The main objective of social localisation is the promotion of a demand, rather than a supply-driven approach to localization. It is based on the recognition that it is no longer exclusively the corporations who control the global conversation, but the communities. Social localization supports user-driven and needs-based localisation scenarios - in contrast to mainstream localization, driven primarily by short-term financial return-on-investment (ROI) considerations.
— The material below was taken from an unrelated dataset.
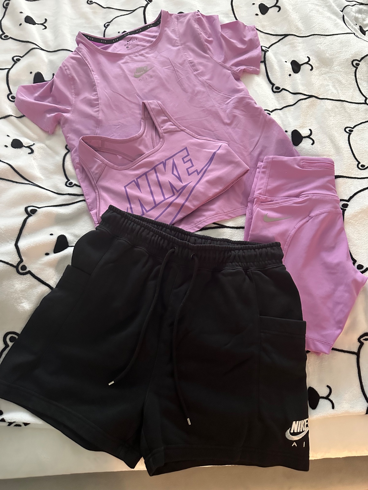 Predam sadu Nike pro fialovej bledej farby velkost Xs a k nim dam sortky cierne Nike.

Social localization has been connected to the nonmarket activities of the translation and localisation services sector by researchers reporting to the LINDWEB Conference, organized by the European Commission's DGT as the Language Industry Platform, allowing its stakeholders to meet in Brussels on 24 May 2012. The concept of a 'nonmarket' approach to economics and to societal activities is a well-known concept and has been reported on in the context of the economics of development, education and poverty reduction, for example.

== See also ==

- The Rosetta Foundation
- Internationalization and localization
- Globalization
- American and British English differences
- Spanish dialects and varieties
- Variety (linguistics)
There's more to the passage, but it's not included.